Ah, la incursión fue agradable y fácil para el príncipe de Inglaterra.
Necesitó apenas un mes para llevar a su ejército desde las orillas del Garona hasta Narbona y su mar, y se complació aterrorizando Tolosa, incendiando Carcasona y asolando Beziers. Dejó tras de sí una larga estela de terror, y con poco esfuerzo conquistó mucho renombre.
Su arte bélico, comprobado este año por nuestro Périgord, es sencillo: ataca lo que no está defendido. Envía una vanguardia que se adelanta bastante, e identifica las aldeas o los castillos que serán bien defendidos.

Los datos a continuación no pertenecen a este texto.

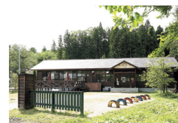
昭和初期の木造校舎を再現した建物

川崎町大字前川字松葉森山6-5 TEL.0224-86-4678 平日 10:00~16:00(L.O.15:30) 土・日・祝日 10:00~17:00(L.O.16:30) ※生地がなくなり次第終了 火曜定休
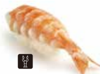
36 EBI gambero cotto* € 1,80
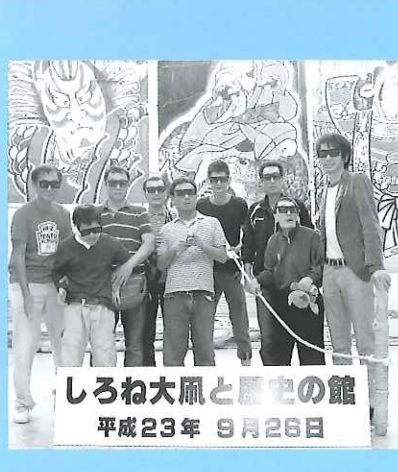
しろね大鳳と歴史の館 平成23年 9月26日

ントもあちこちで開かれ、にぎやかな昼食会場でした。その後マリニピア日本海に移動し、様々な魚類やショーを楽しみました。早めに宿に到着し、月岡温泉「泉慶」のお風呂、食事を満喫しました。
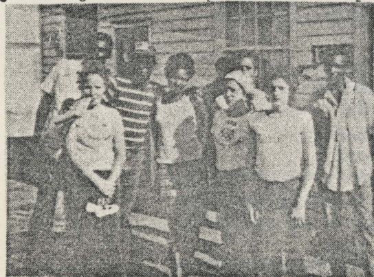
Grupo de Refugiados que esperan para ser atendidos en el Almacén de Avituallamiento de la Zona 1.

"Por lo demás, sólo me resta decir que estamos muy contentos por todos los beneficios y cuidados que se nos dispensan en Fort Chaffee desde nuestra llegada".
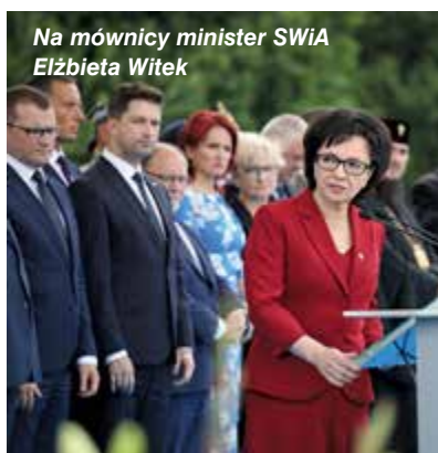
Na mównicy minister SWiA Elżbieta Witek

– Wprawdzie Święto Policji obchodzimy co roku, ale tylko raz na sto lat trafia się takie święto jak dziś – powiedziała pani minister. – Wszyscy jesteśmy uczestnikami tej historycznej chwili. Patrę przed siebie i widzę pomnik marszałka Józefa Piłsudskiego. Myślę, że gdyby tu był, byłby z Was bardzo dumny, tak jak i ja jestem dumna, jak dumne jest z Was państwo polskie.
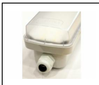
Bouchon presse-étoupe M16, divers PA noir M-16 - BPM-21 (60000006)
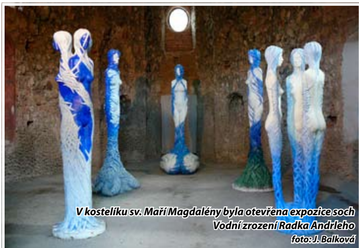
V kostelíku sv. Maří Magdalény byla otevřena expozice soch Vodní zrození Radka Andrlého
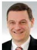
Franz Loogen e-mobil BW GmbH
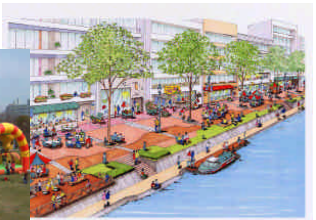
京橋川オープンカフェ利用イメージ
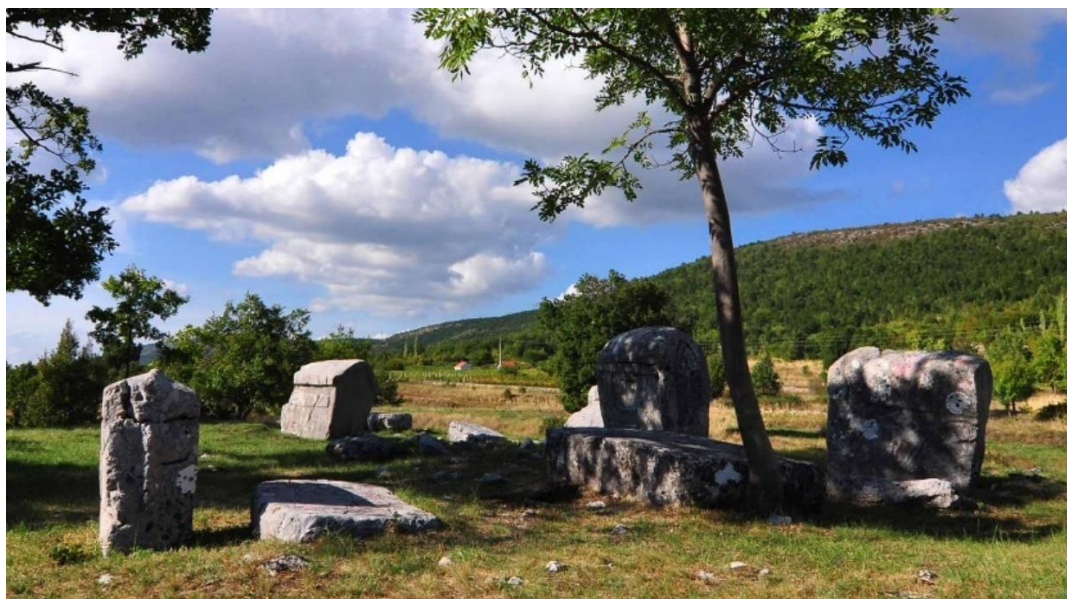
Slika 9. Stećci

Stećci su vrsta kamenog nadgrobnog spomenika. Sam naziv im dolazi od prezenta glagola stajati. Nastali su u srednjem vijeku te se na njima ocrta tadašnji život naroda. Prva pojava im se javlja u drugoj polovini 12. stoljeća, a procvat su doživjeli u 14. i 15. stoljeću. Prvi pisani zapis o stećcima je putopis Slovenca Benedikta Kuprešića koji je izdan 1530., iako je zanimljivo da je do tada uporaba stećaka bila u opadanju. Najrašireniju uporabu imali su u Bosni i Hercegovini, ali ih se može naći i u okolnim zemljama. Postoje dvije vrste stećaka: položeni i uspravni. Ukrašeni su s različitim srednjovjekovnim motivima koji su mogli biti religiozne naravi: križevi, polumjesec, ljiljan; ili svetkovne: ples, lov, turniri, prirode. Ovi motivi su se skoro uvijek međusobno miješali te su bili uklesani ili ucrtani direktno na kamenu plohu.
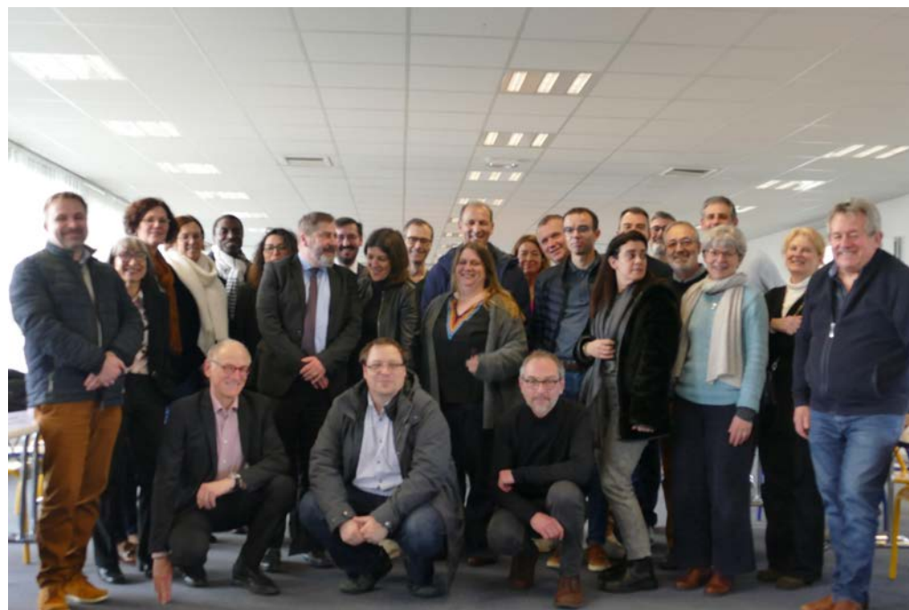
Séminaire ADIUT nouveaux Directeurs - 08.02.2024 -
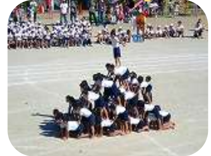
心ひとつにきまった! 6年生【未来へ2009】
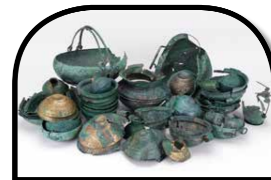
Az évans-i kincs
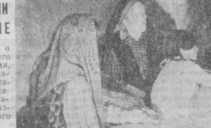
посвящен 60-летию КПН — боевого авангарда трудового народа. В программе праздника — выставки и кинофильмы, выступления самодельных коллективов и профессиональных артистов. Проведение праздников КПН стало традицией. Они являются важной формой работы коммунистов.

Веселые истории о Ходже Насретдине, его приключениях с богатыми, полные озорной народной мудрости, станут основой многосерийного мультипликационного фильма, названного именем этого героя.
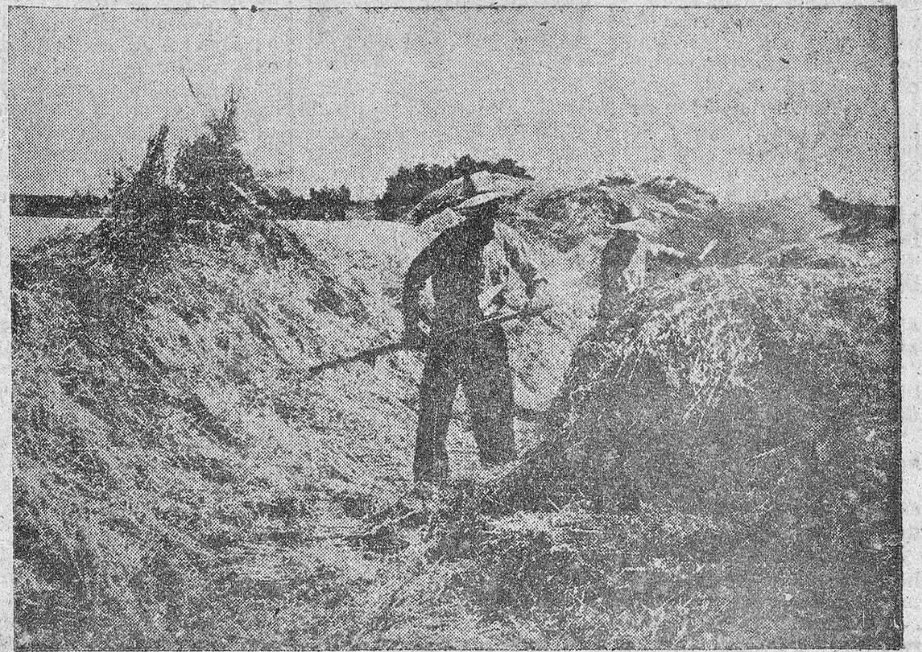
Se cuida y protege con el laboreo y arbolado adecuado a este fin.

Es un nuevo aspecto de la vigilancia agraria que ha alcanzado gran interés e intensidad en estos últimos tiempos, para preservar el suelo de las erosiones que lo debilitan y empobrecen. Un plan general de acción, reflejado en una empílica y resonante campaña de carácter nacional, está comenzando a dar sus frutos, pues los agricultores se disponen a luchar contra esa amenaza que hiende y aniquila las tierras, llamadas a ser ubérrimas si se

Evita éstos. Arroja sobre los restantes un nutrido cuerpo de caballeros y soldados, que caen sobre los burgos con horrible estrépito, dispersan a los habitantes, aplastan contra los muros a los que no huyeron con suficiente rapidez, despedazan o atraviesan todo lo que se ofrece a sus lanzas y sus mazas; después, la tropa se divide en varios grupos que caen sobre las aldeas, las residencias o los monasterios vecinos.
Atrás vienen los arqueros, que recogen las provisiones necesarias para la tropa y vacían las casas antes de incendiarlas; después vienen los escuderos y los infantes que acumulan el botín en las carretas y acaban de incendiar lo que aún se sostiene en pie.

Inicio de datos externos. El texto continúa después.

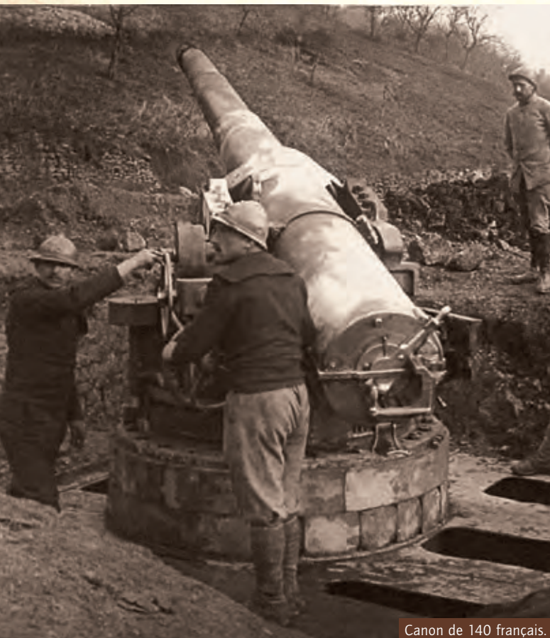
Canon de 140 français.
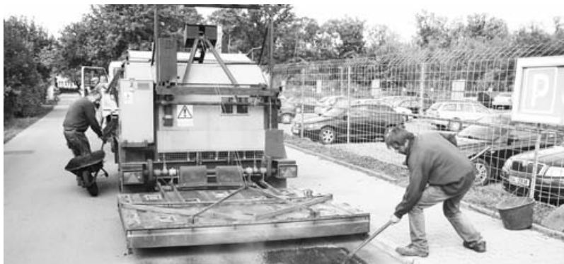
Oprava vozovky u základní školy.
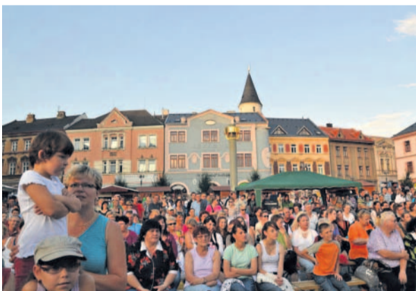
„Hodovali“ mladí i staří Svatovavřínecké hody na náměstí TGM v Přerově si o víkendu nenechaly ujít desítky návštěvníků. Město si připomnělo dobu kolem roku 1256.
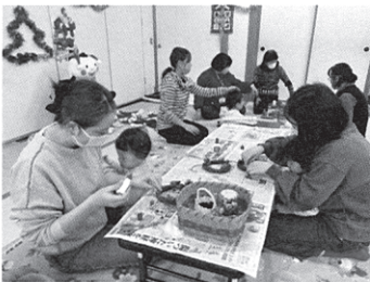
お子さんとリース作り♪

12月はクリスマスにちなんで、いつもよりもスペシャルなひろばを開催しました☆ 内容はクリスマスリース作りやコープ商品試食、フォトスポットなどなど…♪参加されたお母さんもお子さんも、そしてスタッフも、み～んな楽しく笑顔溢れる温かいひろばとなりました。 参加者からは、「子どもと一緒にリース作りができて楽しかった」「買ったことのない商品のお試しもできて良かった」「天気が悪くなってきて外遊びができない中、ホールで思う存分走り回ったりと体を動かせてありがたいです！」などの感想をいただきました。
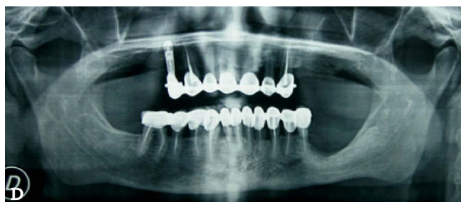
Figura 1 – A) Visión intraoral de la osteonecrosis del maxilar relacionada con bifosfonatos (OMRB) del paciente número 1. B) Radiografía panorámica inicial del mismo paciente. C) El paciente muestra curación de la mucosa al final del seguimiento. D) Radiografía panorámica del paciente número 1 al final del seguimiento.
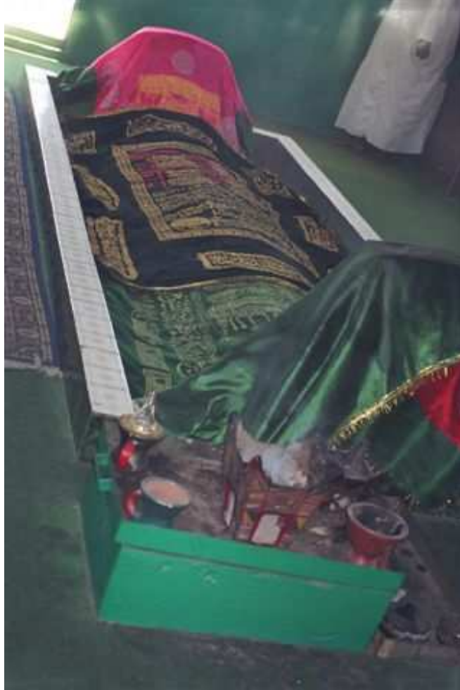
Fotoğraf No:4 Hz. Eyyûb'un başucunda tütsü yakılmakta kullanılan araçlar.
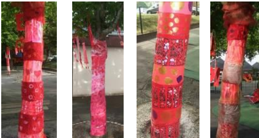
Dans la cour de l'école, quatre troncs d'arbres habillés..
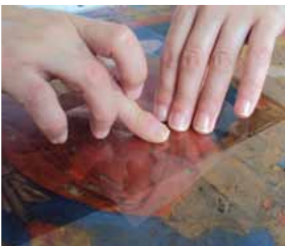
10. kép. A festékréteg rögzítése.

a borítólemezek rendkívüli szennyezettségét, és esetenként üvegtöréseket. Mind a tizenegy ikonra, amelyek restaurálásra kerültek, jellemző volt, hogy a festett rétegeket vastag szennyeződés és rovarok anyagcsereterméke fedte, ami a bennük lévő anyagok hatására gyakran visszafordíthatatlan színváltozást okozott (4–8. kép).

Este ejército que bebe hasta hartarse avanza de tres a cinco leguas diarias, pero el miedo que provoca lo precede de lejos.
¿El propósito del Príncipe Negro? Ya os lo dije: debilitar al rey de Francia. Y es necesario reconocer que alcanzó su propósito.
Los grandes beneficiarios fueron los bordeleses y los viñateros, y es natural que hayan apoyado a su duque inglés. Estos últimos años soportaron un rosario de infortunios: la devastación de la guerra, las viñas incendiadas en los combates, las rutas comerciales inseguras, las ventas difíciles; a todo eso vino a sumarse la gran peste que obligó a destruir un barrio entero de Burdeos para sanear la ciudad. Y ahora, las calamidades de la guerra afectan a otros; era natural que se alegrasen. ¡A cada uno le llega su turno!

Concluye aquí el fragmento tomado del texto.